Разгибание ног в тренажёре.

Буду всем тренажёрам давать короткую аббревиатуру, вам её лучше запомнить и в дневник ставить короткую запись упражнения. Так гораздо удобнее. Выпрямление ног сидя обозначим ВНС.

Когда вы первый раз подходите к тренажёру его нужно настроить под себя. В первую очередь посмотрите какой вес отягощения в нём стоит.

 Разгибание ног в тренажёре

Потом нужно подстроить под себя сидение если оно регулируется. И сделать нужную длину подколенных валиков и валиков для голеностопа.

Выпрямление ног сидя. Разгибание ног в тренажёре.

Этот тренажёр, который тренирует только четырёхглавую мышцу (переднюю поверхность бедра).

Почему-то считается, что он придаёт рельеф мышцам. Это не так.
Это обычное изолированное упражнение, которое кроме данной мышцы ничего не тренирует.
Излюбленное упражнения девушек и женщин. Потому что его делать очень удобно ненапряжно. А получается следующее: чем удобнее упражнение, тем меньше от него проку. Если вам нужно «формировать» ноги, лучше выполняйте приседания.

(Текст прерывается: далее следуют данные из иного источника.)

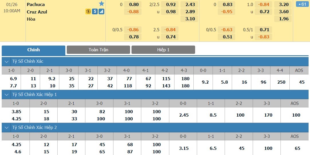 Tip kèo tỷ số hiệp 1: Pachuca 0-0 Cruz Azul

Составлю вам программу тренировок.

Делая это упражнение ВНС, вы никогда не уберёте жир с передней стороны бедра. Этот момент мы с вами уже проходили на странице: изолированные упражнения.

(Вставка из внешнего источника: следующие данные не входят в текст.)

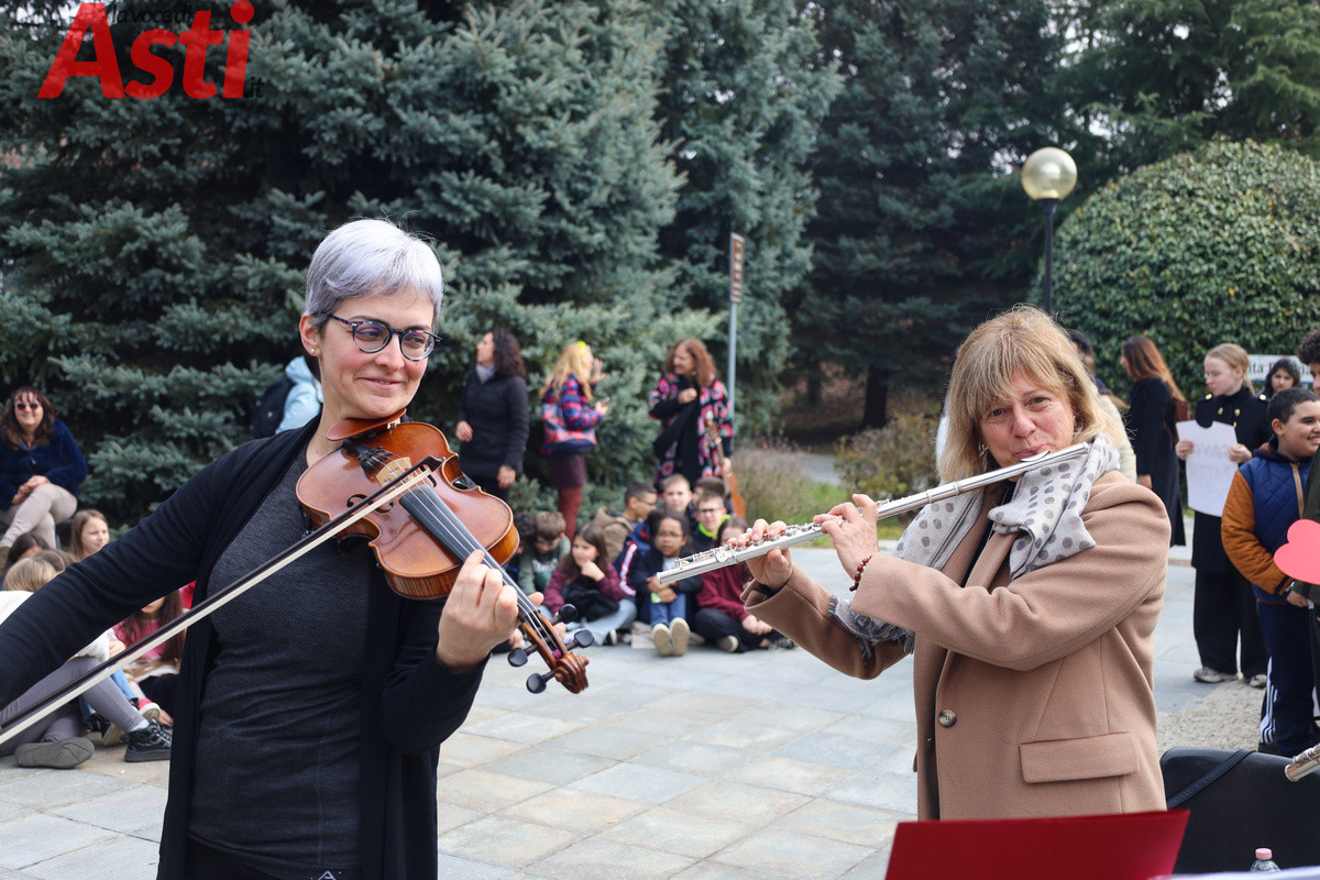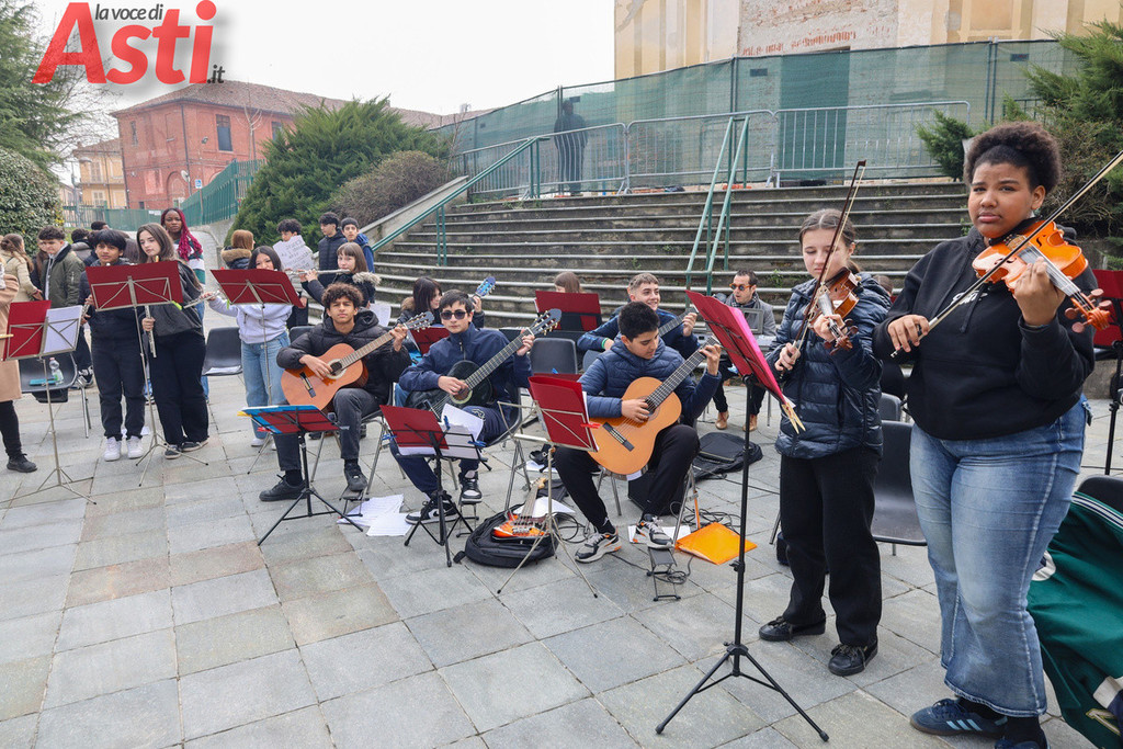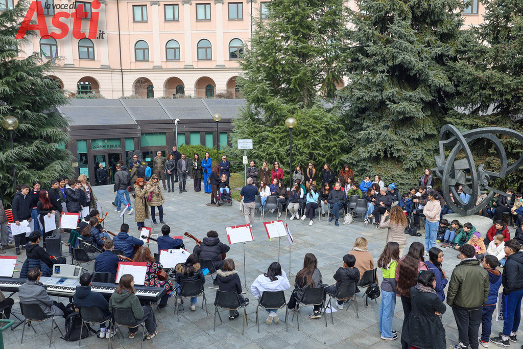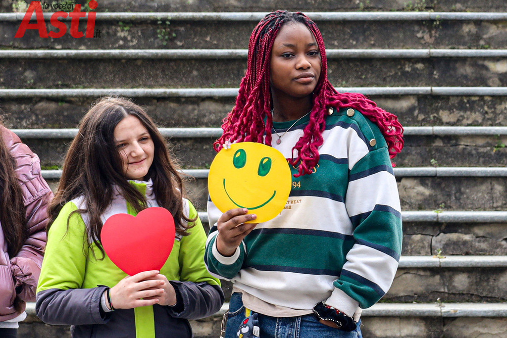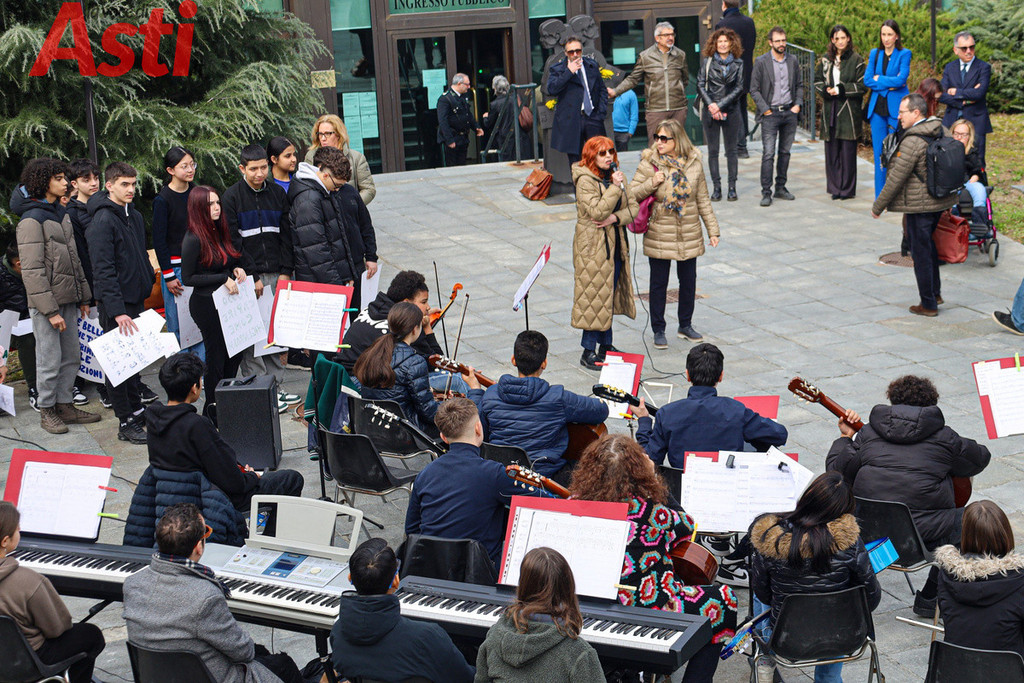 "Sei una donna decisa", recita un cartello tracciato con vernice rossa e tenuto stretto da un ragazzo in prima fila. "Non mi faccio condizionare dagli altri", rivendica quello accanto a lui, mentre dal gruppo spuntano altri messaggi inequivocabili. "Vestiti come ti senti a tuo agio", "Guidi bene", "Agisci come meglio ritieni e rispetta l'altra". Frasi all'apparenza semplici ma che, lette tutte insieme sulle gradinate, compongono un alfabeto nuovo per la nostra comunità. Nello spettacolo di parole e musica, nato dalla sinergia con le istituzioni forensi astigiane e la Rete di Scuole per la promozione dei valori della Giustizia, gli studenti non si sono limitati a denunciare il sessismo, ma hanno messo in piazza la sua antitesi.

Так же у этого тренажёра есть два отрицательных момента.

Первый: получается довольно длинный рычаг от колена до стопы и колени, и коленные связки испытывают нагрузку большую, чем хотелось бы. И большой вес на этом тренажёре не поднимешь, а от маленького проку нет.

Второй: момент обычно в тренажёре стоят отягощения по 10 кг и мельче отягощений нет. Позанимавшись некоторое время, и укрепив ноги вам нужно будет увеличить нагрузку в тренажёре.

Вот, например, вы делаете выпрямление ног сидя с весом 40 кг на 10 повторений в 4х подходах. И вам этот вес уже мал, нужно бы немного добавить. А добавить 2 — 3 килограмма не получается. Сразу можно только поставить 50 кг. А это уже будет перегрузка для коленных суставов.

Когда можно использовать этот тренажёр:

1. Если по какой-то причине вы не можете делать приседания со штангой на плечах, жим ногами лёжа, приседания в гакк-машине или машине Смитта. О всех этих тренажёрах мы поговорим ниже.
2. Если вам нужно потренировать только одну ногу, например другая болит.
3. А так же. Выпрямление ног сидя подойдёт пожилым людям или ослабленным.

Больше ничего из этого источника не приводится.